▶ _Exercise brief_
Restate all of the records below exactly. Do not carry over any image.

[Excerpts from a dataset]
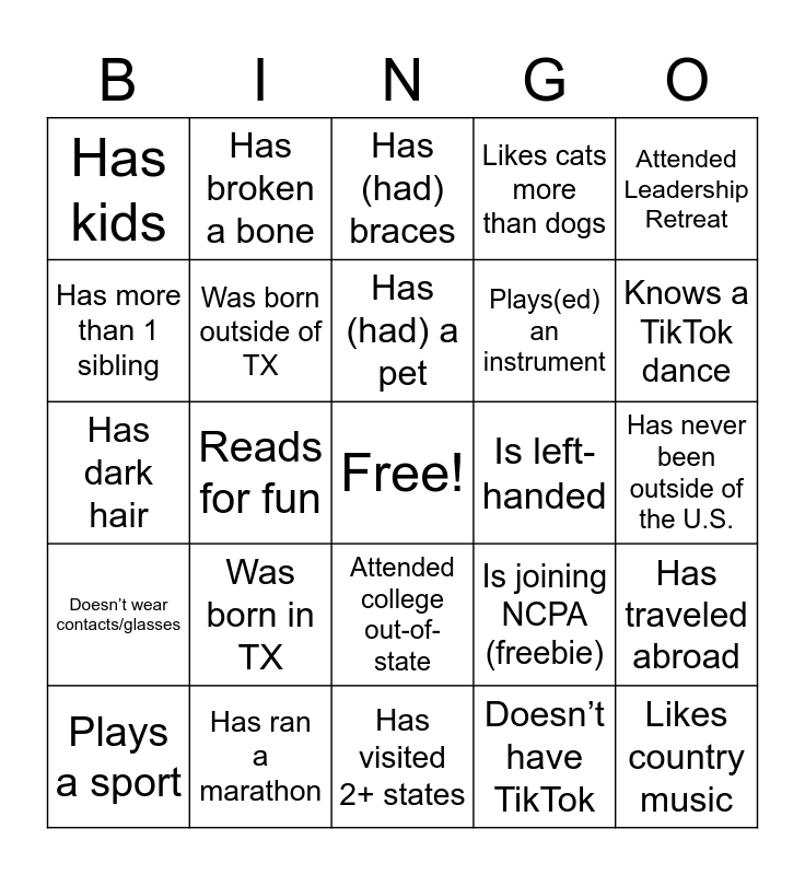 This bingo card has a free space and 25 words: Was born in TX, Has visited 2+ states, Has (had) a pet, Plays a sport, Attended Leadership Retreat, Has kids, Has more than 1 sibling, Has broken a bone, Is left-handed, Attended college out-of-state, Plays(ed) an instrument, Has dark hair, Is joining NCPA (freebie), Has traveled abroad, Was born outside of TX, Can speak a foreign language, Has never been outside of the U.S., Has (had) braces, Knows a TikTok dance, Reads for fun, Likes country music, Has ran a marathon, Doesn’t wear contacts/glasses, Likes cats more than dogs and Doesn’t have TikTok.
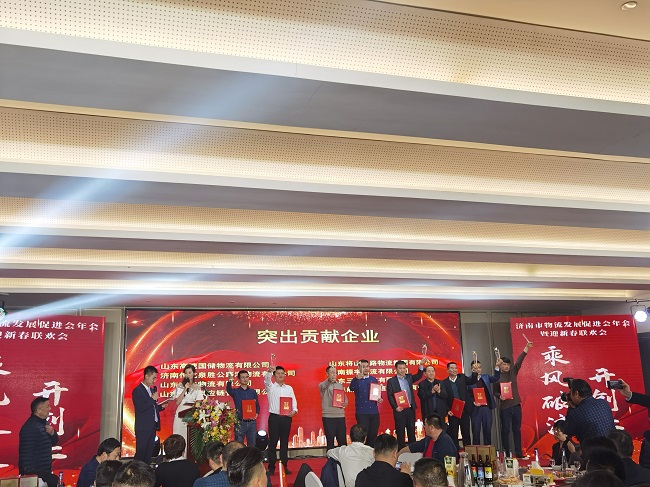 12月21日,農(nóng)歷冬至,濟(jì)南市物流發(fā)展促進(jìn)會年會暨迎新春聯(lián)歡會在鵲華國際酒店成功舉辦。濟(jì)南市口岸物流辦、市工信局、市工商聯(lián)、市商務(wù)局、市公安局物流寄遞保衛(wèi)支隊(duì)及各區(qū)縣工信局、發(fā)改局等分管領(lǐng)導(dǎo)共計(jì)50余人出席會議,物促會名譽(yù)會長馬純濟(jì)、王世敦,專家顧問團(tuán)卞允斗、孟慶春、李曉東,物促會領(lǐng)導(dǎo)班子以及近300家會員企業(yè)代表共聚一堂,歡度年會。
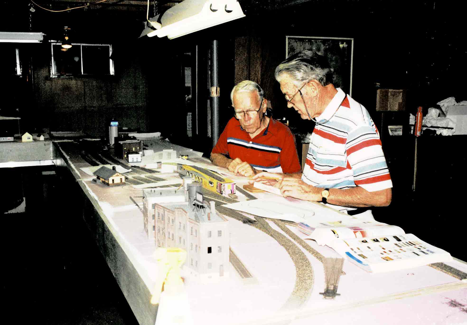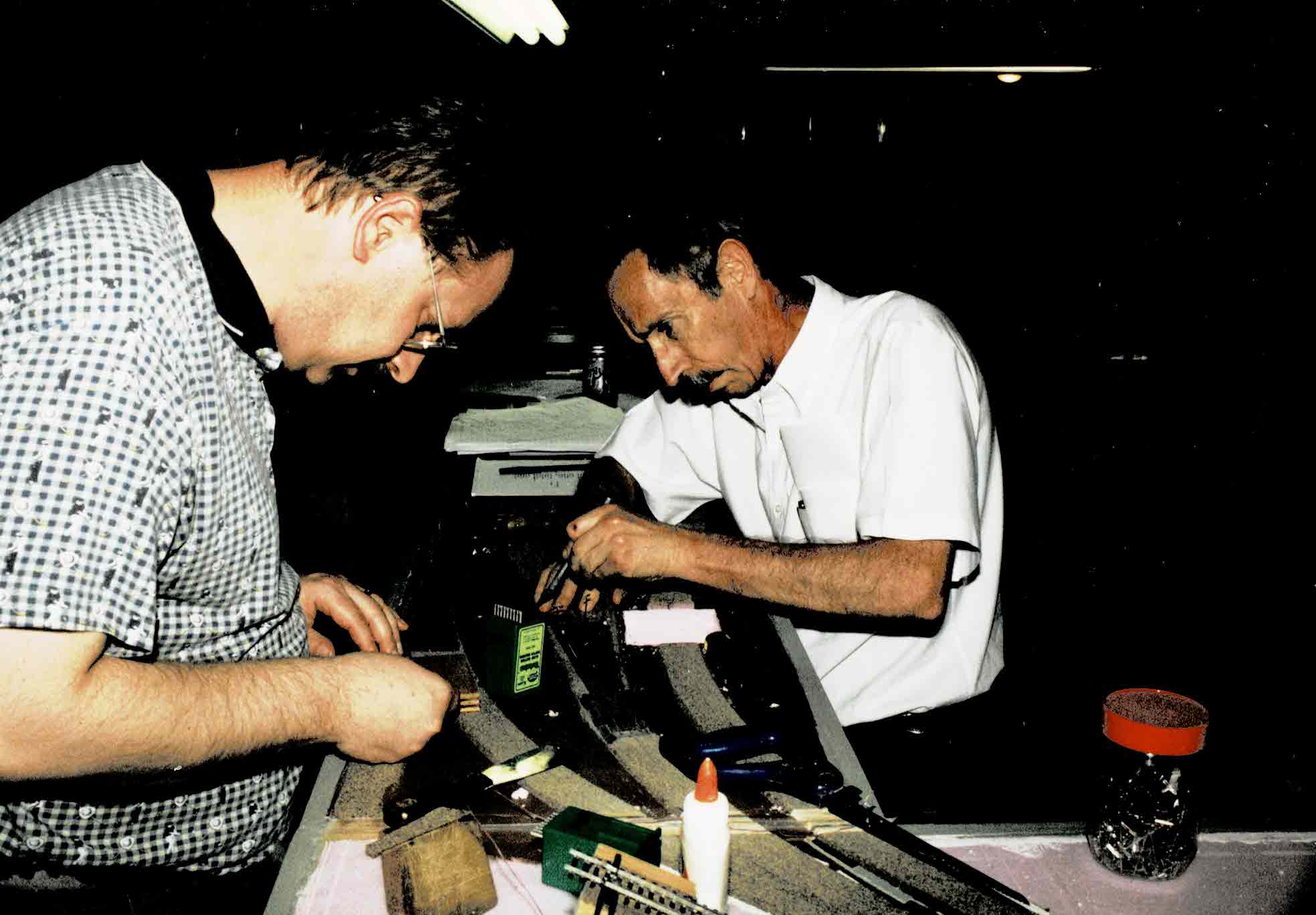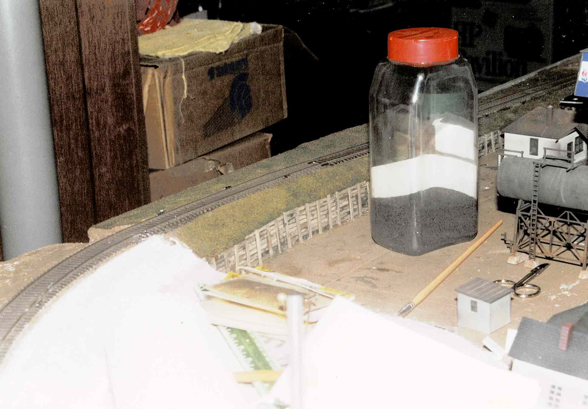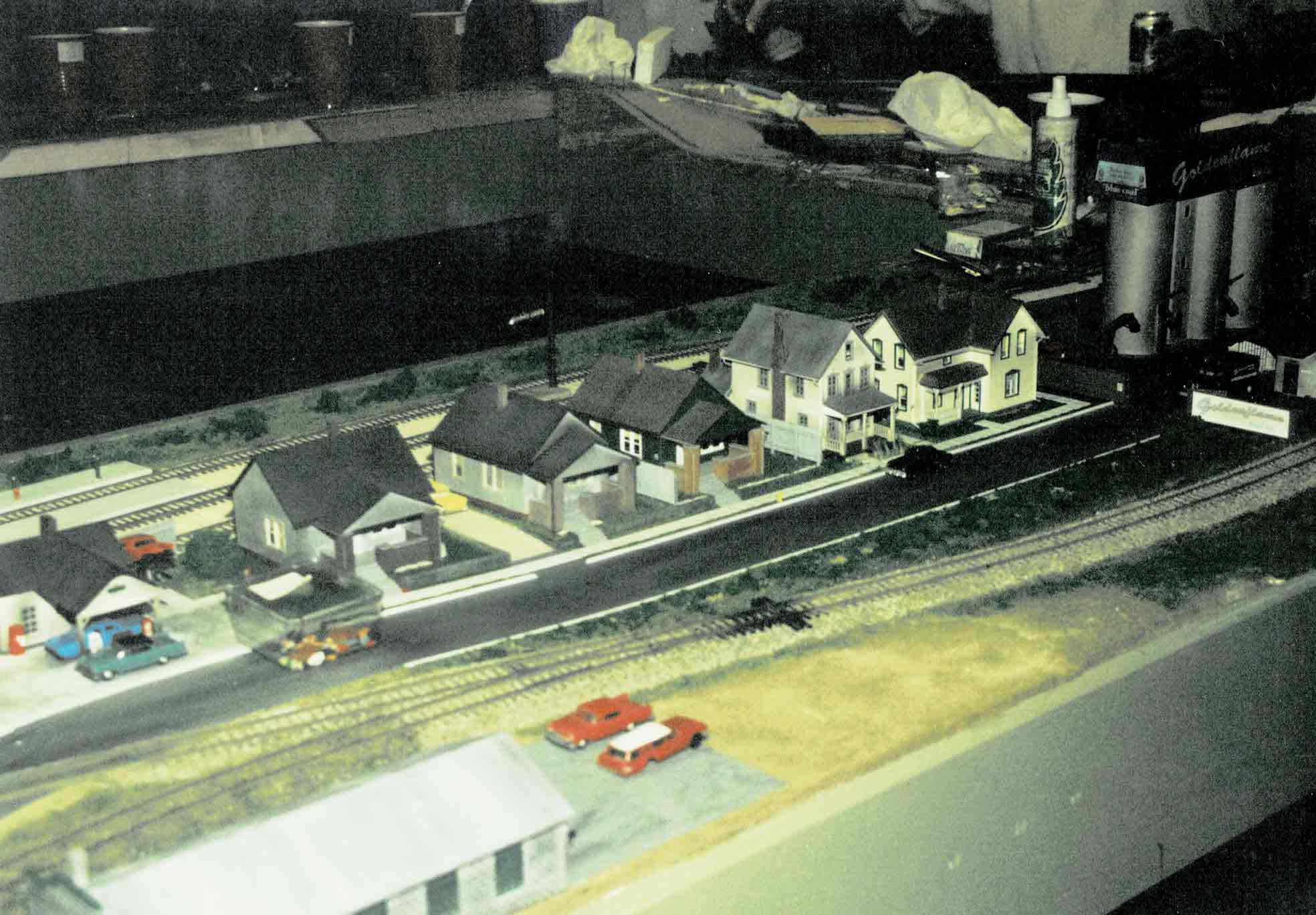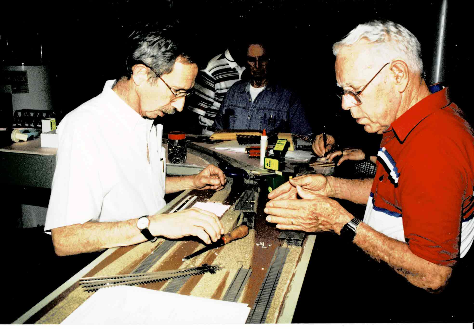 THESE ARE CONSTRUCTION PHOTOS OF THE CLUBS TRAVELING LAYOUT. THE TRACK PLAN IS BASED ON A LAYOUT IN AN OLD ATLAS LAYOUT PLANNING BOOK. THE LAYOUT AS CAN BE SEEN RESTS ON TRIPODS. THE HEIGHT OF THE LAYOUT IS ADJUSTABLE THROUGH ABOUT A 30 INCH RANGE. THE TRIPODS HOLD SQUARE ALUMINUM TUBES. THE LAYOUT RESTS ON THESE TUBES, BUT IS NOT ATTACHED TO THEM. THE LAYOUT IS MADE OF 6 INCH DEEP BOXES HOLDING A 4 INCH THICK LAYER OF EXTRUDED STYEROFOAM. THE TRACK IS GLUED TO THE STYROFOAM WITH WATER BASED CONSTRUCTION ADHESTIVE. ONE SCRATCH BUILT’ BRIDGE IS ON THE LAYOUT, THE TRESTLE CROSSING OVER THE DOUBLE TRACK MAIN LINE. ALL OTHER STRUCTURES ARE KITS WITH MODIFICATIONS.
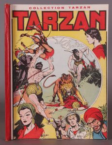 Du 17-7-1947 au 23-10-1947 (du N°46 au N°60). Cartonnage (36 x 27) présentant un dessin d’Ibis l’invincible en couverture. Dos bordeaux. Ce volume comprend Les Aventures de Capt. Marvel Junior; Liana, fille de la jungle; Les aventures du Professeur Pipe; La Famille Patchoum; Lastuce, Crémolet, et leur chien Achille; etc. En noir et blanc et en couleurs. Cachet Louis Barber au 2ème plat et en p.1. Lég. usures aux plats. Très bon état d’ensemble. Joint : OK. Album N°11. Du 14-10-1948 au 27-1-1949 (du N° 119 au N° 134). Cartonnage (38 x 28), dos rouge. Coins émoussés, dos usé, sinon en très bonne condition. Joint : Collection Tarzan. Tarzan. Les Hommes léopards. Terreur dans la brousse. Tarzan chez les pygmées. Etc. Cartonnage (30 x 23), dos rouge. Usures aux plats, cachet Louis Barber en page de garde, sinon en très bonne condition.
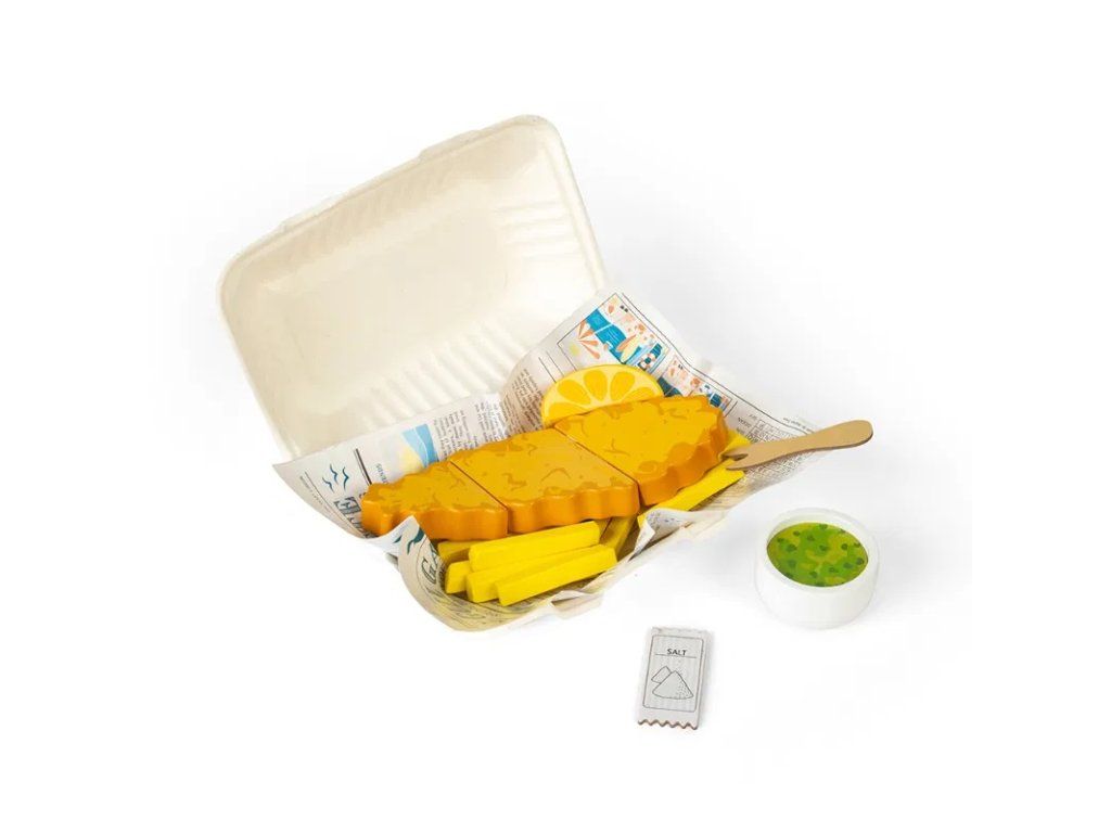 Ryba je rozdělena na tři části, takže ji děti mohou pomocí vidličky „nakrájet“. Hraní na role s dřevěnými potravinami podporuje komunikaci, spolupráci a sociální interakci – děti mohou přijímat objednávky, obsluhovat zákazníky alebo si uavžívať spoločné stolovanie.
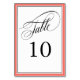 Simple and elegant, this table number card features beautiful calligraphy text with script flourishes and your desired table number surrounded by a border in the trendy shade of coral called "living coral". You can change this background colour to any other colour to match your wedding or event colour scheme by choosing "customise further" and selecting the background colour of your choice for both the front and back of this table card. You will need to create a separate table number card for each table at your event, i.e., personalise the number with 1 and add to card, personalise again with the number 2, add to cart, and so on until you have a separate card for each table.
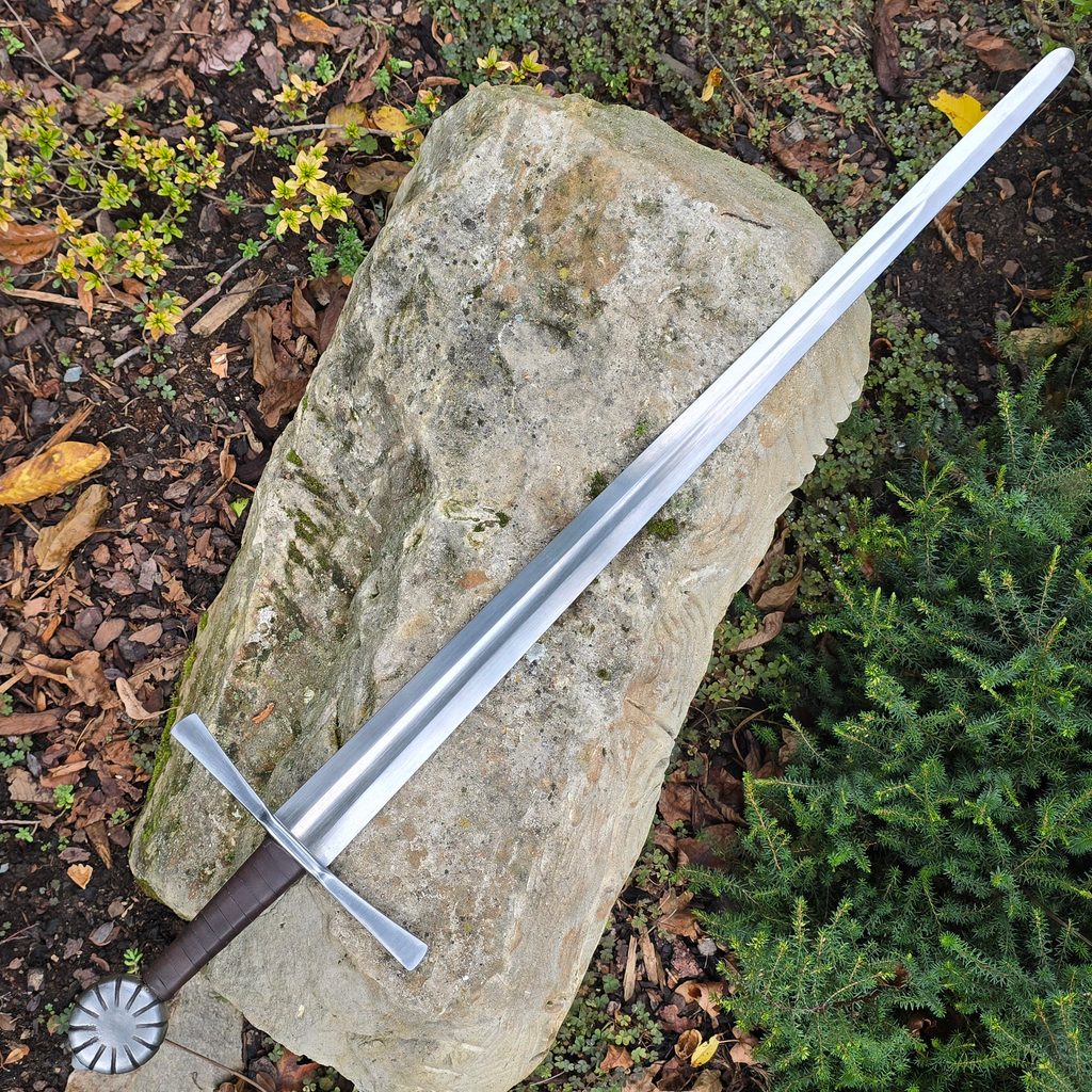 Špičkové středověké meče po několika letech vyvinuté a vyrobené v naší kovárně vyslyšely hlasy šermířů po funkčních replikách, velmi odolných při historickém šermu. Mají Full-Tang konstrukci, která se osvědčila nejvíce. U těchto mečů čepel přechází v jednom kuse přes rukojeť do hlavice na jejíž povrchu je roznýtována. Odpadá zde tedy svařování mosazí a teplotní ovlivňování. Čepel má tedy velmi dobré vlastnosti po celé své délce.
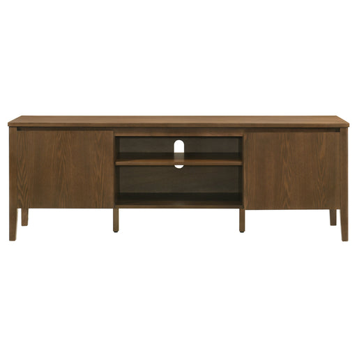 Coaster63-inch TV stand with SmartTop high-pressure laminate surface delivers durable performance for everyday media use. Two cabinet doors flank an open ...

▶ _Reply_
 This bingo card has a free space and 25 words: Was born in TX, Has visited 2+ states, Has (had) a pet, Plays a sport, Attended Leadership Retreat, Has kids, Has more than 1 sibling, Has broken a bone, Is left-handed, Attended college out-of-state, Plays(ed) an instrument, Has dark hair, Is joining NCPA (freebie), Has traveled abroad, Was born outside of TX, Can speak a foreign language, Has never been outside of the U.S., Has (had) braces, Knows a TikTok dance, Reads for fun, Likes country music, Has ran a marathon, Doesn’t wear contacts/glasses, Likes cats more than dogs and Doesn’t have TikTok.
 12月21日,農(nóng)歷冬至,濟(jì)南市物流發(fā)展促進(jìn)會年會暨迎新春聯(lián)歡會在鵲華國際酒店成功舉辦。濟(jì)南市口岸物流辦、市工信局、市工商聯(lián)、市商務(wù)局、市公安局物流寄遞保衛(wèi)支隊(duì)及各區(qū)縣工信局、發(fā)改局等分管領(lǐng)導(dǎo)共計(jì)50余人出席會議,物促會名譽(yù)會長馬純濟(jì)、王世敦,專家顧問團(tuán)卞允斗、孟慶春、李曉東,物促會領(lǐng)導(dǎo)班子以及近300家會員企業(yè)代表共聚一堂,歡度年會。
 THESE ARE CONSTRUCTION PHOTOS OF THE CLUBS TRAVELING LAYOUT. THE TRACK PLAN IS BASED ON A LAYOUT IN AN OLD ATLAS LAYOUT PLANNING BOOK. THE LAYOUT AS CAN BE SEEN RESTS ON TRIPODS. THE HEIGHT OF THE LAYOUT IS ADJUSTABLE THROUGH ABOUT A 30 INCH RANGE. THE TRIPODS HOLD SQUARE ALUMINUM TUBES. THE LAYOUT RESTS ON THESE TUBES, BUT IS NOT ATTACHED TO THEM. THE LAYOUT IS MADE OF 6 INCH DEEP BOXES HOLDING A 4 INCH THICK LAYER OF EXTRUDED STYEROFOAM. THE TRACK IS GLUED TO THE STYROFOAM WITH WATER BASED CONSTRUCTION ADHESTIVE. ONE SCRATCH BUILT’ BRIDGE IS ON THE LAYOUT, THE TRESTLE CROSSING OVER THE DOUBLE TRACK MAIN LINE. ALL OTHER STRUCTURES ARE KITS WITH MODIFICATIONS.
 Du 17-7-1947 au 23-10-1947 (du N°46 au N°60). Cartonnage (36 x 27) présentant un dessin d’Ibis l’invincible en couverture. Dos bordeaux. Ce volume comprend Les Aventures de Capt. Marvel Junior; Liana, fille de la jungle; Les aventures du Professeur Pipe; La Famille Patchoum; Lastuce, Crémolet, et leur chien Achille; etc. En noir et blanc et en couleurs. Cachet Louis Barber au 2ème plat et en p.1. Lég. usures aux plats. Très bon état d’ensemble. Joint : OK. Album N°11. Du 14-10-1948 au 27-1-1949 (du N° 119 au N° 134). Cartonnage (38 x 28), dos rouge. Coins émoussés, dos usé, sinon en très bonne condition. Joint : Collection Tarzan. Tarzan. Les Hommes léopards. Terreur dans la brousse. Tarzan chez les pygmées. Etc. Cartonnage (30 x 23), dos rouge. Usures aux plats, cachet Louis Barber en page de garde, sinon en très bonne condition.
 Ryba je rozdělena na tři části, takže ji děti mohou pomocí vidličky „nakrájet“. Hraní na role s dřevěnými potravinami podporuje komunikaci, spolupráci a sociální interakci – děti mohou přijímat objednávky, obsluhovat zákazníky alebo si uavžívať spoločné stolovanie.
 Simple and elegant, this table number card features beautiful calligraphy text with script flourishes and your desired table number surrounded by a border in the trendy shade of coral called "living coral". You can change this background colour to any other colour to match your wedding or event colour scheme by choosing "customise further" and selecting the background colour of your choice for both the front and back of this table card. You will need to create a separate table number card for each table at your event, i.e., personalise the number with 1 and add to card, personalise again with the number 2, add to cart, and so on until you have a separate card for each table.
 Špičkové středověké meče po několika letech vyvinuté a vyrobené v naší kovárně vyslyšely hlasy šermířů po funkčních replikách, velmi odolných při historickém šermu. Mají Full-Tang konstrukci, která se osvědčila nejvíce. U těchto mečů čepel přechází v jednom kuse přes rukojeť do hlavice na jejíž povrchu je roznýtována. Odpadá zde tedy svařování mosazí a teplotní ovlivňování. Čepel má tedy velmi dobré vlastnosti po celé své délce.
 Coaster63-inch TV stand with SmartTop high-pressure laminate surface delivers durable performance for everyday media use. Two cabinet doors flank an open ...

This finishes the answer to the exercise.